Temperature: The temperature of your pond is often in the hands of Mother Nature. An inexpensive floating thermometer intended for aquarium use will suffice. It will also be useful for determining when fish will begin to show reduced activity and food requirements in the fall, as well as begin to feed in the spring. Water temperature will also dictate times for the addition of certain types of aquatic plants. During the hottest days of summer, high temperature may alert the pond keeper of the need for supplemental aeration.

Here is a list of significant temperature changes (degrees F)

<45 Most hardy plants will die back for winter. Dead leaves should be removed. Fish will remain listless and should not be fed again until the spring warm-up. Over-wintering plants should be moved to deeper water to avoid freezing (approx. 18 inches). Remove as many falling leaves and accumulated leaves from bottom of pond as possible. Winterize filters and move pumps to center of pond, but leave them on for circulation and de-icing.

<60 Move tropical plants indoors for over-wintering. With first frost many floating and submerged plants will begin to die back. Discard them before they decompose.

>45 Hardy plants can be moved to shallower water for new growth. Fish will be begin to feed and exhibit spawning behavior. A partial water change is recommended. Plants may need to be divided and fertilized. Filters, pumps, etc. should be reconnected and started.

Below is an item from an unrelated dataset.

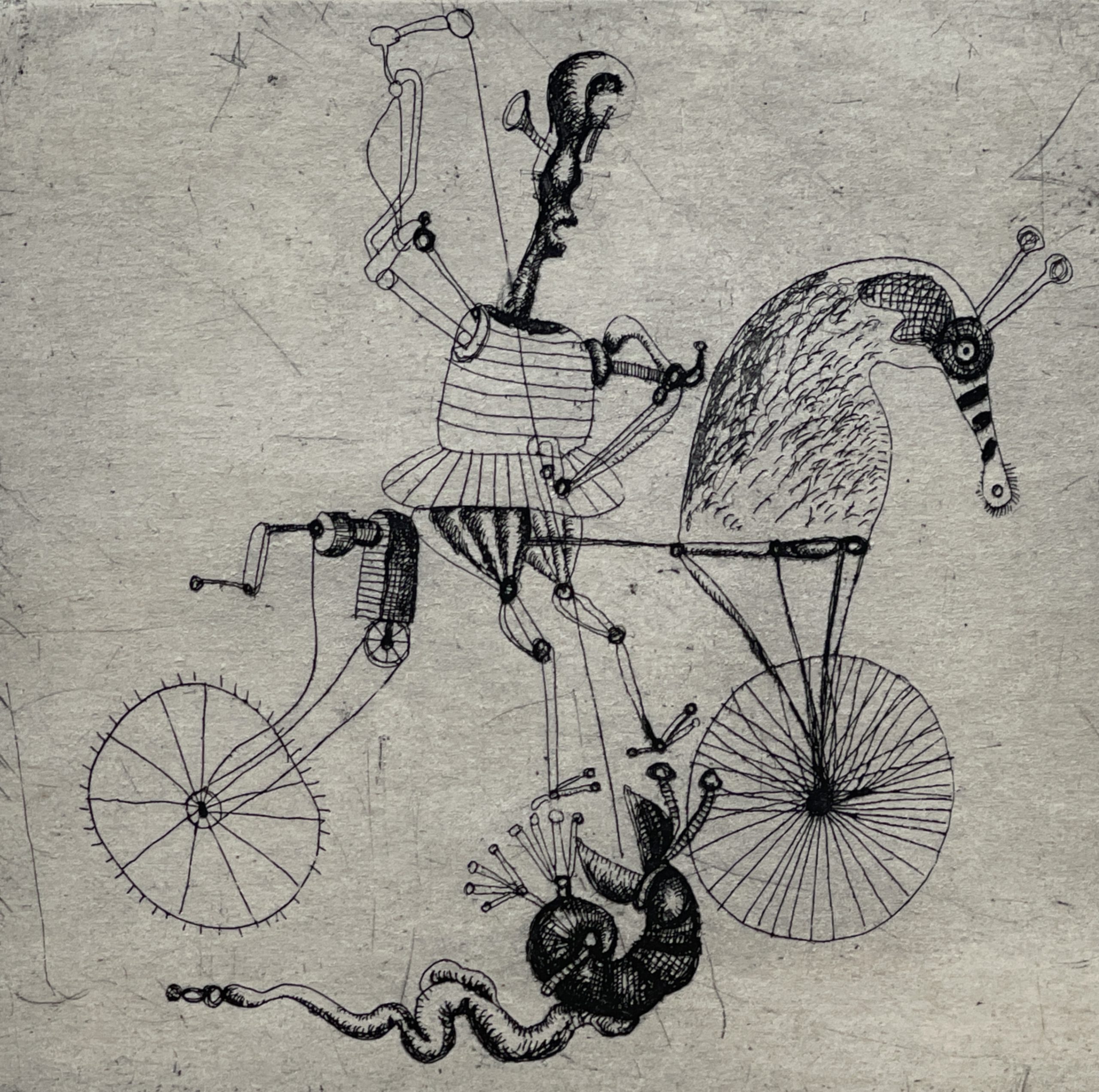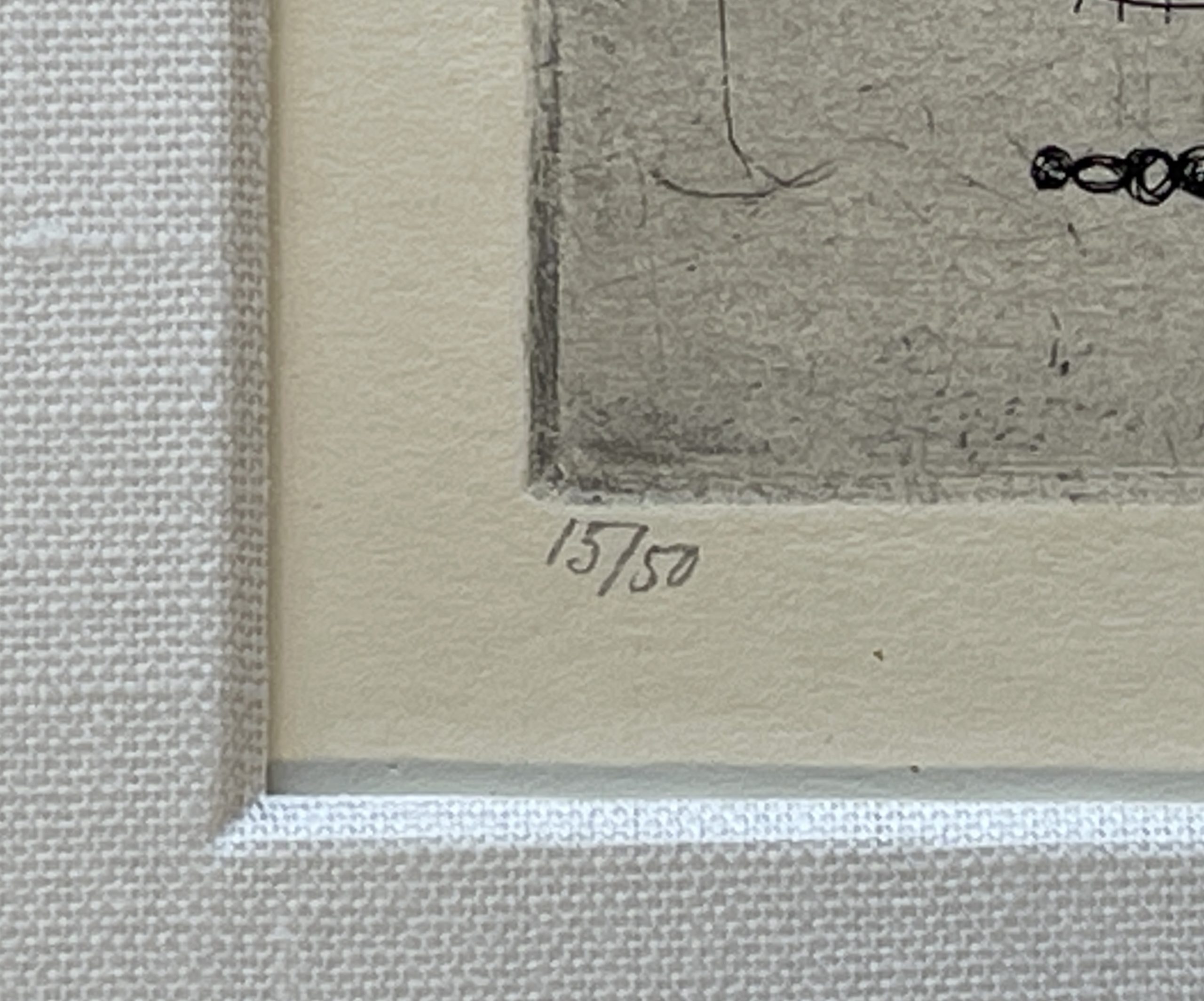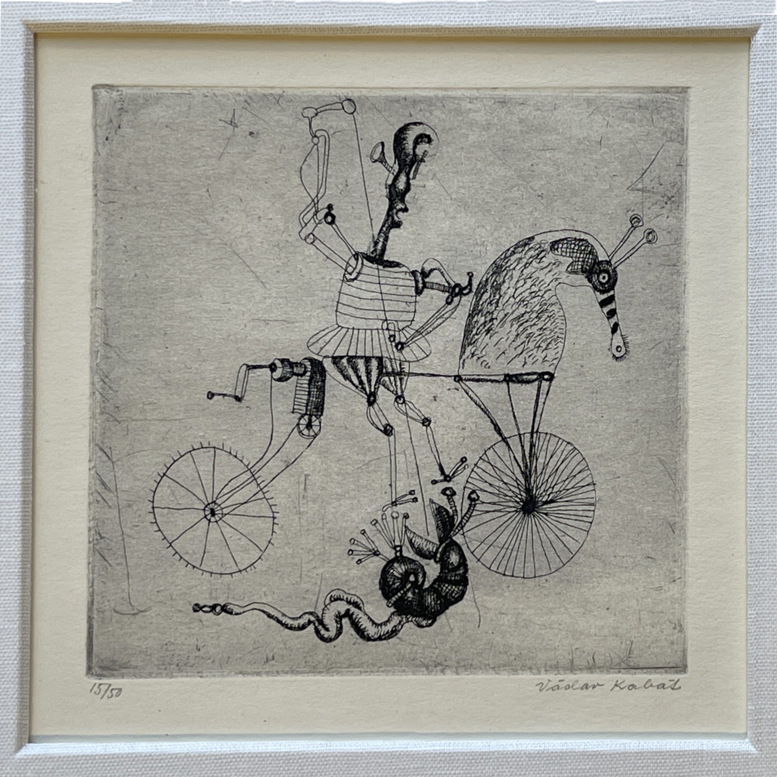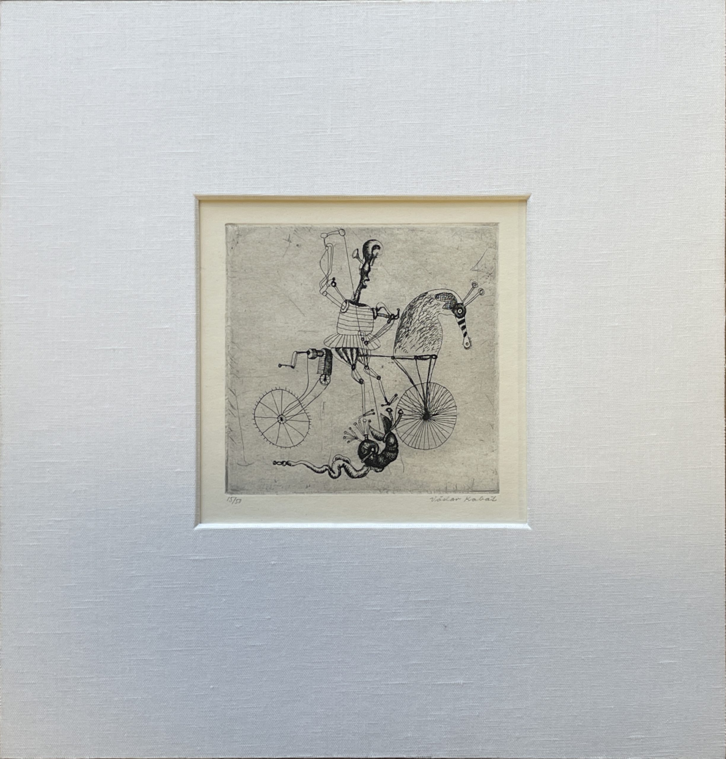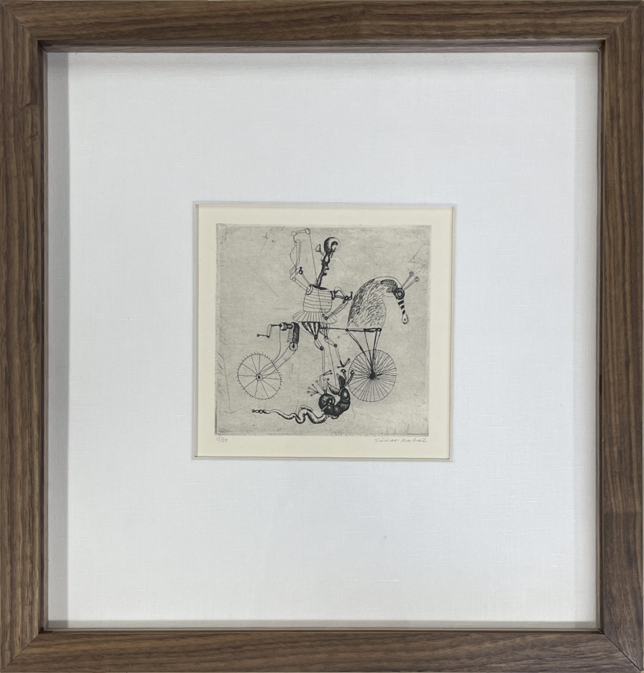 A humorous etching from Vaclav Kabat’s version of George and the Dragon, executed with Kabat’s skill and originality. Custom framed in solid walnut with a mat hand-wrapped in silk behind 99% UV-blocking non-reflective museum glass.

>95 Oxygen levels in pond prone to severe depletion. Many hardy lilies will cease to bloom. Green water algae may take over pond. It may be wise to reduce or halt feeding of plants and fish until water temperatures drop back into the 80s to ease the bio-load. Do not worry about starving your fish or plants, they can go indefinitely without supplemental feedings.

Although there are other water quality parameters that can, and sometimes should, be monitored, the above parameters offer an excellent starting point. For example, if you are going to keep high densities of large koi, the ammonia and nitrite levels should be monitored to ensure that the biological filter is functioning properly.

As mentioned earlier, a garden pond can be an exciting project if some basic guidelines of construction and maintenance are followed. There are many ways to cope with the most common problems faced while building a new pond; what works in one case will not necessarily work in another.